— Мой сотрудник не погиб этой ночью, мой Фюрер. Его знания столь велики, как и его возможности, что мы сочли необходимым убрать его из… общения с окружающими. Причем так, что даже высшее командование Рейха не будет об этом знать. Слишком многим известно про «объект К». Вот документы, относительно этого сотрудника.
Адольф Гитлер внимательно изучил предоставленную информацию, и вновь воззрился на Канариса.
— Вы уверены?
— Еще вчера я был уверен, что Аненербе — это полная фигня. А сегодня я не уверен уже ни в чем. — вице-адмирал развел руками. — Мы все видали даже этот его… калькулятор в «мобиле». Мы читали его показания о межконтинентальных ракетах, которые наводятся компами. Если Цузе… это фамилия того сотрудника… сможет хоть на десять процентов ускорить наше развитие в этой области… Мой Фюрер, последствия будут непредсказуемыми, но положительными.
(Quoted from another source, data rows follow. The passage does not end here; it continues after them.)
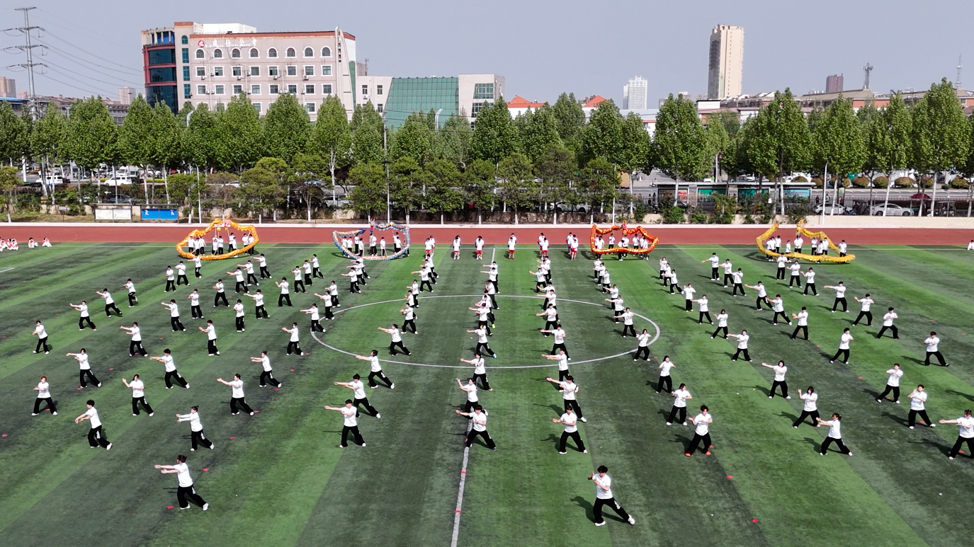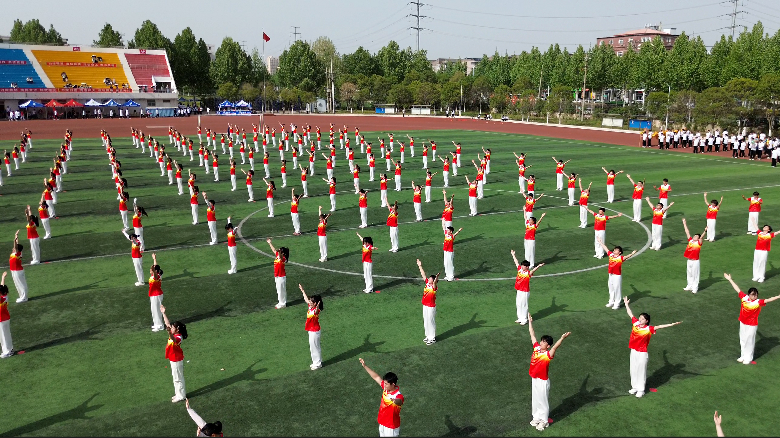 伸展、弯腰、踢腿,整齐划一的动作,展现青春的蓬勃朝气
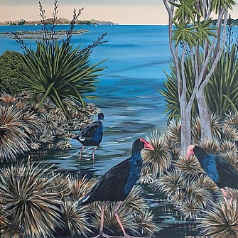 My inspiration is sparked by the sea and New Zealand’s unparalleled native bush, painting more from an instinctual ‘feeling’ of a particular place and time.
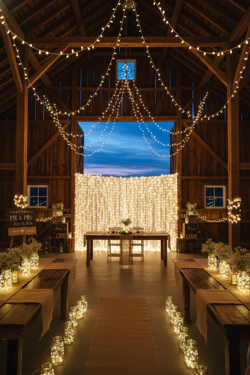 As the sun slips behind the fields and that dusky blue settles over the siding, this is where the magic begins: flip on string lights warm white and watch your barn glow like a storybook. There’s something about that soft, buttery twinkle against weathered wood that makes everything feel instantly intimate and photogenic. Draped from rafters in loose swoops, tucked along beams, and cascading behind the sweetheart table, they turn simple barn wedding decor into a golden, starry canopy. If you’re dreaming of boho country wedding vibes, let the light do the heavy lifting—warm white strands flatter skin tones, blur the edges of the night, and make even the most pared-back setups feel luxe and layered. Picture the shimmer glancing off mason jar centerpieces and catching on the frayed edges of a burlap table runner, while wooden wedding signs glow softly at the entry and along the bar. It’s the easiest of rustic wedding ideas with the biggest payoff: romance you can hang in an hour.
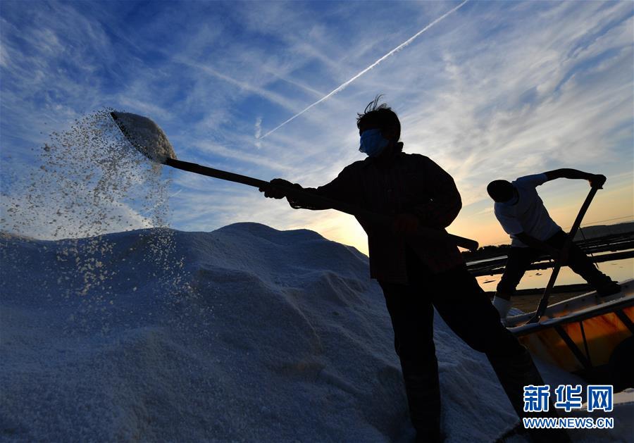 4月27日,莆田盐场的工人在劳作。莆田盐场位于福建省莆田市秀屿区东峤镇,辛勤劳作的盐工、纵横交错的晒盐池,共同构成如画的风景。新华社记者魏培全摄
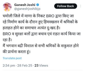 देहरादून: कैबिनेट मंत्री गणेश जोशी ने जनपद चमोली में माणा गांव के निकट बीआरओ द्वारा संचालित निर्माण कार्य के दौरान हिमस्खलन की वजह से दबे मजदूरों की भगवान बदरी विशाल से सुरक्षा और कुशलता की प्रार्थना की है। उन्होंने कहा कि हिमस्खलन की वजह से मजदूरों के दबने का दुःखद समाचार मिला है। ईश्वर से प्रार्थना है कि सभी श्रमिक सुरक्षित रहें। मंत्री ने कहा कि ITBP, BRO और अन्य बचाव दलों द्वारा राहत एवं बचाव कार्य किया जा रहा है। मंत्री गणेश जोशी ने कहा कि घटना की सूचना मिलते ही ITBP, BRO और अन्य बचाव दल मौके पर पहुंच गए हैं और राहत एवं बचाव कार्य में जुट गए हैं। उन्होंने कहा कि मुख्यमंत्री खुद घटना पर नजर बनाए हुए हैं और मजदूरों को सुरक्षित निकालने के लिए हरसंभव प्रयास किए जा रहे हैं।
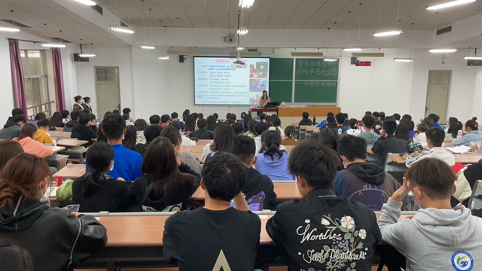 10月13日下午,beat365在线唯一官网(北京)举办“聚焦融媒体时代,讲好中石大故事”新闻写作培训,并通过第二课堂系统发布。近300名学生参加培训。
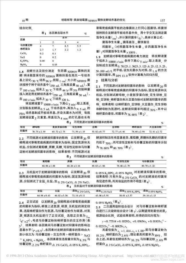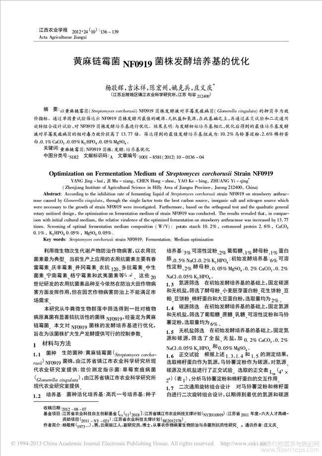 黄麻链霉菌NF0919菌株发酵培养基的优化
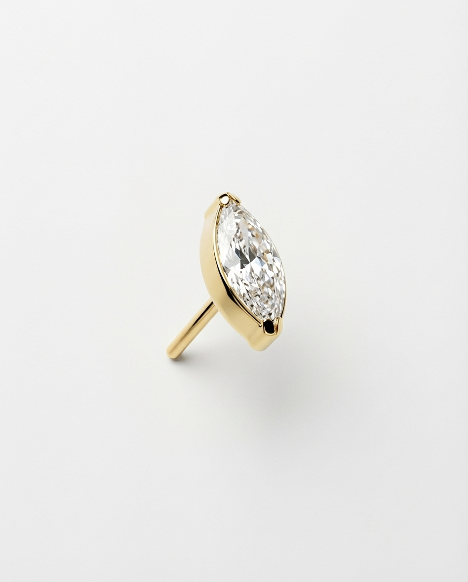 Materials: External 24k PVD Plated with Internal Implant Grade Titanium and Cubic Zirconia or Synthetic Opal
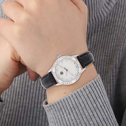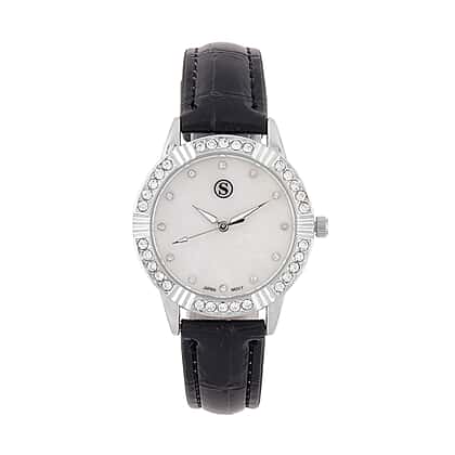 STRADA Japanese Movement Crystal Studed Water Resistant Stainless Steel Watch with Black Strap

— Хорошо. — Гитлер вновь задумчиво покопался в бумагах. — Этот юноша утверждает, что «Энигму» расшифровали благодаря тому, что потопленный U-бот обследовали американские подводники.
— Прошу прощения, Фюрер, я уже проконсультировался с нашим Геббельсом. Он так смеялся…
— Поясните, Канарис. — сухо произнес рейхсканцлер.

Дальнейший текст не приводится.